Сначала из-за мешков, курток и плащей болонья, из-за намотанных на головы платков, по уши нахлобученных картузов и врезавшихся в плечи лямок от рюкзаков – естественно, эти лямки врезались не в ее хрупкие плечи, и помыслить подобное нельзя, но описать этот утренний поход невыспавшихся пассажиров тоже невозможно, потому что это будет плагиат – зеленые едоки картофеля; итак, сначала из-за этих вещественных доказательств печальных сторон жизни показалась хрупкая ручка в бежевой перчатке, ручка помахала кому-то, из-за чьей-то спины и сбившегося набок цыганского платка, потом на верху лестницы возникло худенькое и некрасивое, крупное, с отчетливо нарисованными глазами, бровями и губами лицо Саломеи, потом под нерасчетливо взятой в поездку золотисто-коричневой шубкой из каракульчи появилась ножка в туфельке с каблуком, как на бал, сантиметров в тринадцать. Явление богини! Ножка повисла над размазанной грязью перрона, и уже мой офицерский бушлат, выстояв, принял на себя эту хрупкую птичку с сумкой-ридикюльчиком, которая на деле оказался скатертью-самобранкой. Косметика, две пары трусиков, ночная рубашка, тапочки, бутылка коньяку и пр. и пр.

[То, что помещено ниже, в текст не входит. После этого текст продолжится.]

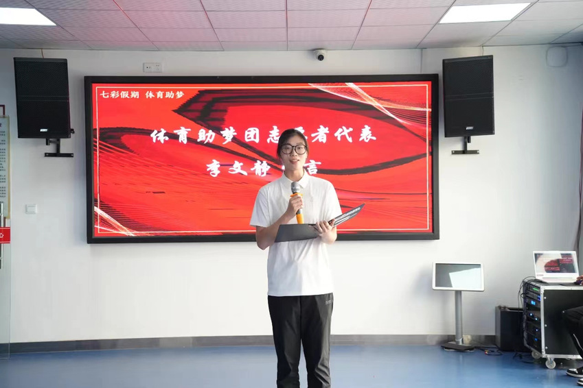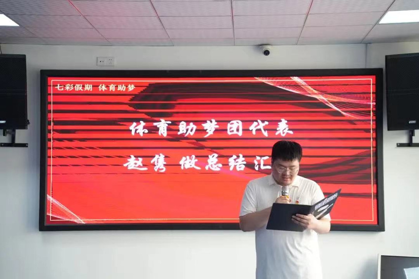 体育助梦团成员赵隽和李文静分别作总结汇报与感悟分享。他表示,在为期9天的志愿服务中,团队成员团队成员们开展体育特色课程教学、素质文化拓展课、乡村田野调查、参观纪念馆等多项活动,以青春之智促进乡村振兴,以青春之力助推体育强国。体育助梦团志愿者代表李文静分享志愿服务实践心得体会,在这短暂而美好的时光里,志愿者老师和孩子们从陌生到熟悉,从拘谨到无话不谈,有太多美好而温馨的回忆,用体育托起孩子们小小的梦想,坚定了青春助梦乡村振兴、乡村教育的信念与担当。
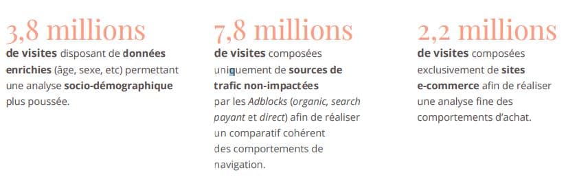 Fabernovel, a réalisé une étude de mai à août 2016 sur 9,8 millions de sessions desktop. L’objectif était d’analyser les tendances liées aux Adblocks (téléchargez le livre blanc avec tous les résultats en détails). Voilà les caractéristiques de l’échantillon :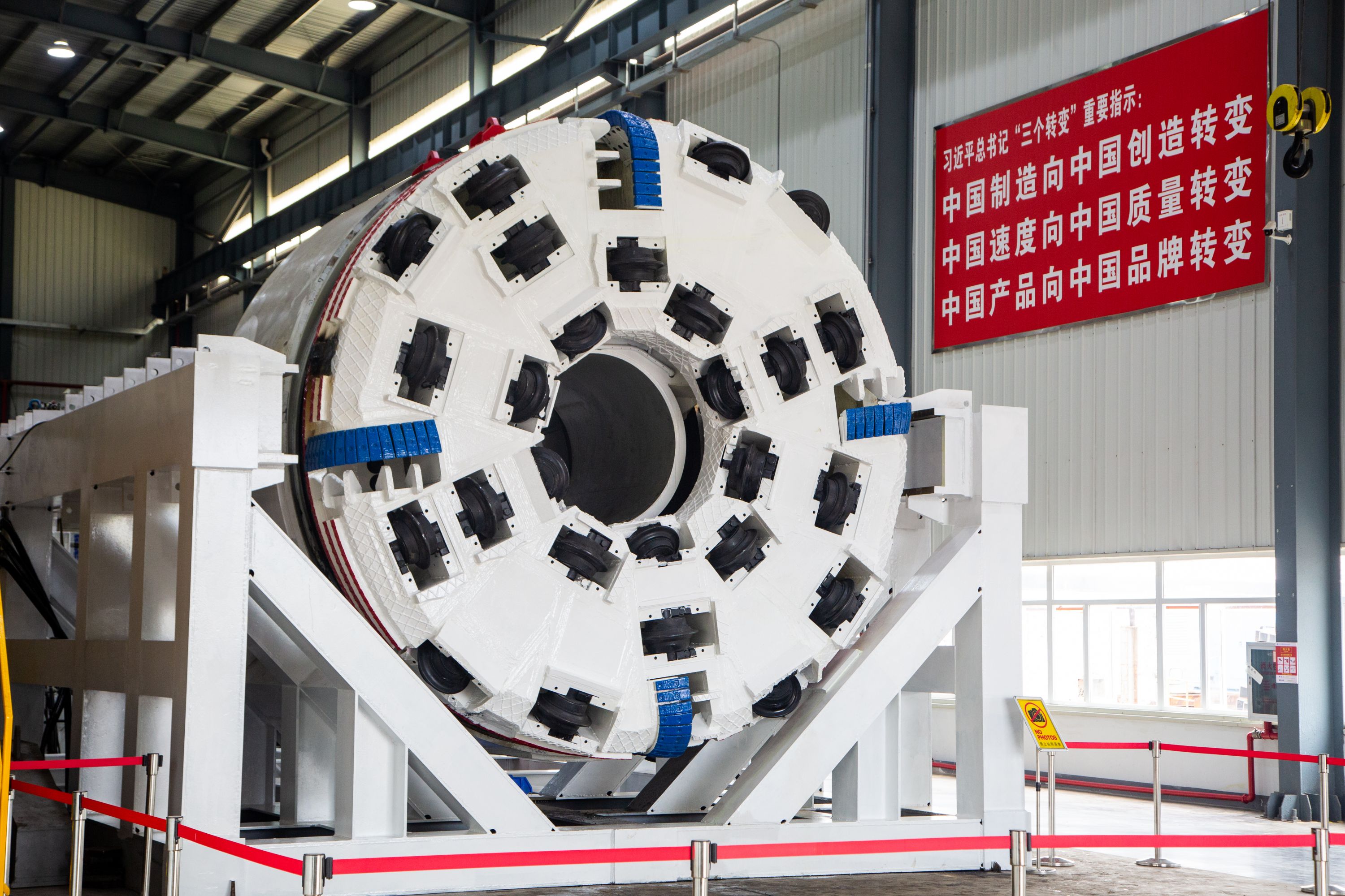 传统盾构机刀盘是一个“盾”,该设备刀盘中央有一直径1.2米的圆形空心。“长大隧道地质条件复杂多变,该设备可对不同岩层软硬通吃。”中铁科工江夏基地研发人员王承海介绍,超硬岩地质强度是常用混凝土的三至六倍,传统盾构机往往只能啃硬。掘爆机具有隧道掘进机安全高效和钻爆法施工灵活的优势,可借中央圆形通道装填炸药,经超前预裂处理,空心刀盘掘进效率可提升30%。

Зачем описывать утро и день в провинциальной гостинице на серых простынях, когда под окном, внизу, проходят октябрьские демонстрации трудящихся? Помню всё. Снова риторический вопрос: почему душа и в старости такая молодая? Может быть, ее молодость в контрасте с быстро стареющим телом и подтверждает наше бессмертие? Наше бессмертие и, значит, существование Бога? Она никогда не постареет и, отлетев, молодая, позолоченная вторым, уже вечным, рождением, будет трепетать юной своей свежестью и ворковать, ничего не требуя, с другими, в слюдяных стрекозьих крыльях, юными душами.

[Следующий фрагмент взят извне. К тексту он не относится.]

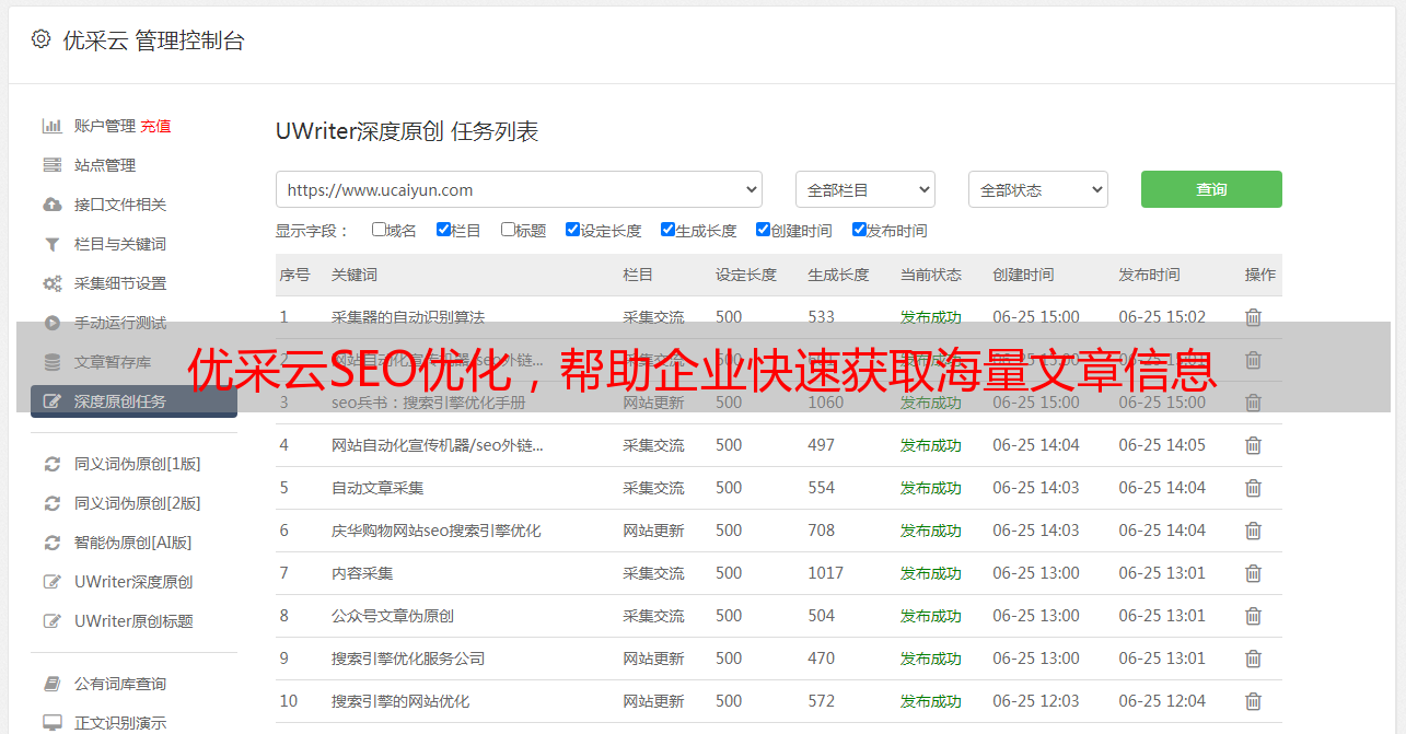 优采云SEO优化,帮助企业快速获取海量文章信息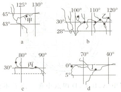15. 如果在图中的 a、b、c、d 四河中顺流放木排,假设水文地质条件相同的情况下,木排向河流右岸偏移最严重的河流是(

Но не полезем дальше по вязким лестницам молодых воспоминаний. Если бы во мне возобладала сила романистики – о да, да, только университетской, профессорской, – то самое время во имя сюжета и чистоты повествования прервать этот рассказ и по контрасту устранить параллельные словесные гонки с классиком из Марбурга. О, этот знаменитый пробуксовавший роман с Идой Высоцкой. Какие остались слезы в дневниках и переписке! Но как переписка иногда и выдает. Черта с два я кого-нибудь бы оставил, если бы влюбился. Но влюбиться в наше время ужасно трудно. А любовь иногда так быстро оплывает…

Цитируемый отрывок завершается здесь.